可更令人驚訝的是,這些湊上去交好的人,無一例外被沈憐城趕了出去。華風甚至高調宣布,明确拒絕了歸氏的橄榄枝,宣布和文華集團董事譚舟确定合作關系。
這件事一出,在上層圈子裡足足傳了一個多月的八卦。
S市誰人不知譚家和歸家互有嫌隙,尤其是譚舟當上繼承人後,更隐隐有了勢同水火的架勢。
歸氏送上門的好處,換做别人隻怕是要感激涕零,沒想到沈憐城初生牛犢不怕虎,直接毫不留情地打歸家的臉。
想到歸青堪比活閻王的狠辣手段,商場上的一幹大佬們不禁為沈憐城點蠟。
可想象中秋風掃落葉般的無情壓制卻沒有出現。他們反而看到一個更加奇異的場景——
以歸青為首的歸氏竟然視若無睹,更加殷勤地對華風小太子沈憐城示好。
這下沈憐城打了個漂亮的翻身仗,又變回了從前那個不可一世的驕傲小少爺,甚至風光更勝以往。無論走到哪裡,都有人争相谄媚巴結。
可沈憐城卻像轉了性一樣深居簡出,非必要絕不參加名流聚會,主打一個低調行事。
與之相反的是此前一直不在商場上公開露臉的歸青,居然像被奪舍了一樣越發高調,不僅纡尊降貴,經常參加各類聚會,甚至能耐下性子,和這些人寒暄一兩句。要是話題對象是沈憐城,還能說上更多。
也正是如此,一些名流政要才把他和熒幕前薄情的冰人影帝聯系在一起,這無疑又引發了軒然大波。
聽說沈憐城去哪參加酒會,歸青必然打飛的跟着。聚會結束時往往是沈小太子毫不留情地拂袖而去,留下歸青一個人黯然神傷。
目睹了一切的商業大佬和高管們:“……”
不是歸青瘋了,就是他們瘋了。
這到底是商場,還是他歸大少的情場?
如果不是歸氏運轉一切正常,他們都以為歸家這位大少爺想要烽火戲諸侯,散盡千金隻為博佳人一笑。
偏偏這位桀骜不馴的佳人還真就不買他的賬。
一時間,各種流言蜚語滿天飛,成了圈子裡公開的秘密。
這些無聊的揣測當事人沈憐城倒無心理會,歸青的死纏爛打也讓他煩不勝煩,疲于應付。
因為他還有許多重要的事要去做。
沈睿的判決書下來了。
因為證據确實充分,再加上沈睿認的幹脆,又将尾巴處理得一幹二淨,所以案件進展也是超出想象的快速。

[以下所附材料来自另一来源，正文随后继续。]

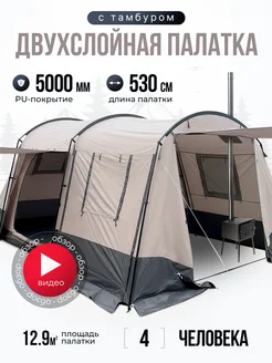 Палатка дом с тамбуром и выход под печь два слоя 4-8 местная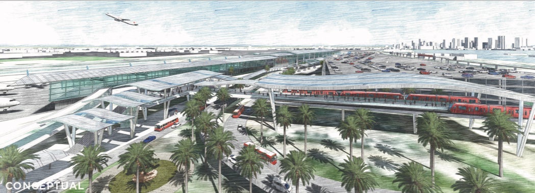 The newly approved proposal includes dedicated lanes for vehicles heading the the airport, as well as a space between Terminals 1 and 2 set aside for a future transit station at the airport.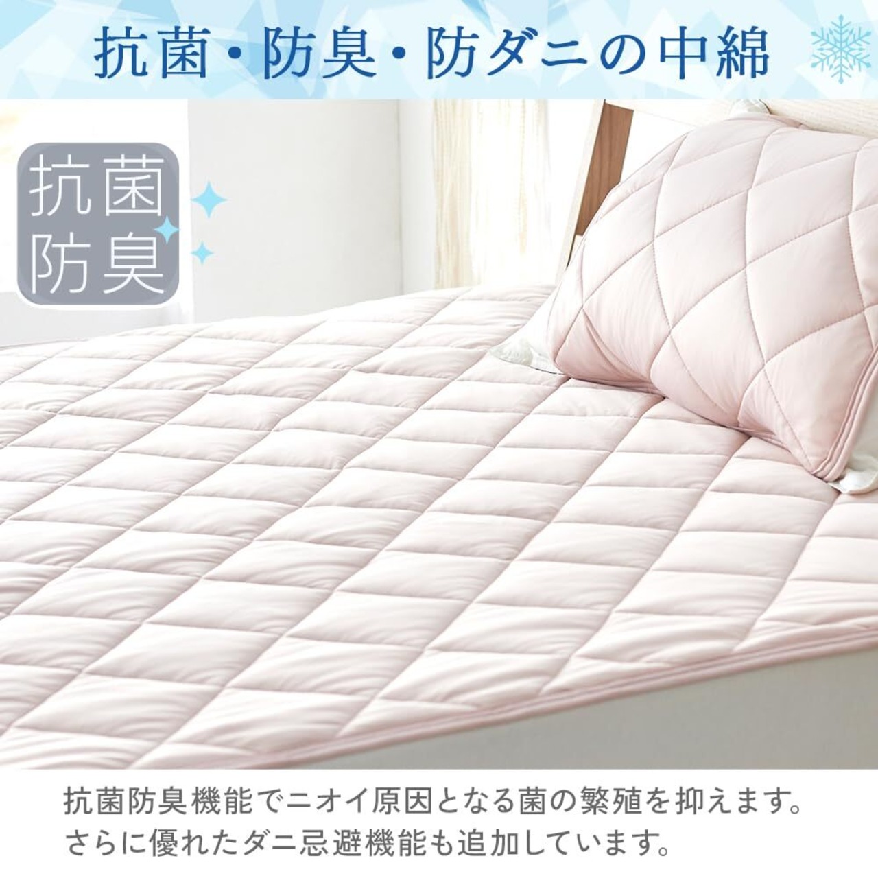 中綿には、もっちりふっくらのマイクロファイバー綿を採用しているので包み込まれるような敷パッドに仕上げています。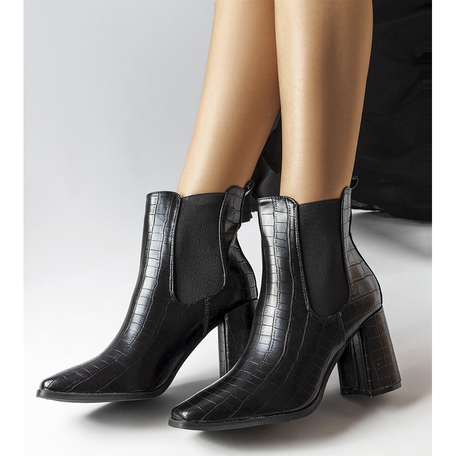 Mustat Weigall-nilkkurit ovat täydellinen valinta naisille, jotka haluavat yhdistää eleganssin muodikkaan tyyliin. Valmistettu korkealaatuisesta ekologisesta nahasta, jota on rikastettu krokotiilin ihon jäljitelmällä, ne herättävät huomion omaperäisellä ulkonäöllä, joka lisää luonnetta mihin tahansa tyyliin. Malli L08-239 erottuu neliömäisestä kärjestä ja vakaasta 9 cm korkeasta lohkokorosta, mikä takaa käyttömukavuuden ja hyvän vakauden.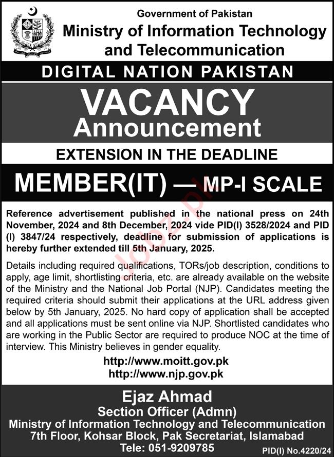 Vacant posts including member it are announced in Ministry of Information Technology & Telecommunication MOIT Islamabad, islamabad Islamabad Pakistan as per 23 December 2024 advertisement in daily Nation Newspaper. Educational qualifications required Bachelor and Master etc.
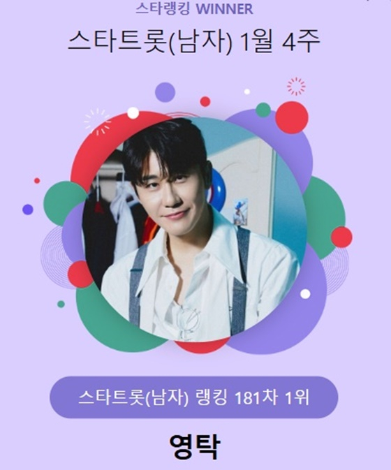 영탁은 지난 23일 오후 3시 1분부터 30일 오후 3시까지 진행된 1월 4주(181차) 스타랭킹 스타트롯 남자 랭킹 투표에서 1위를 차지했다.
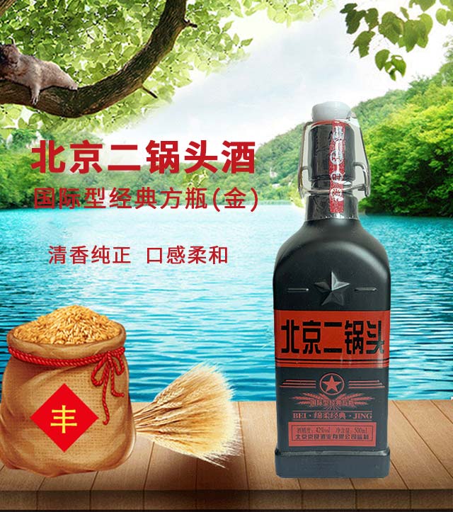 產(chǎn)品名:京良北京二鍋頭酒國際型經(jīng)典方瓶(黑) 清香型白酒【42° 500ml】

而沈睿最終也因涉嫌職務侵占罪和行賄罪被判處有期徒刑十年。
得到這個結果,沈憐城反而出奇的平靜,有種另一隻鞋子終于落地的踏實感。
在沈睿入獄前,文漱月終于遞出了離婚協議書。
她對沈憐城說:“我的城城為了這個家做了付出這麼多努力,逼着自己做不喜歡的工作,媽媽決不能再拖你的後腿。”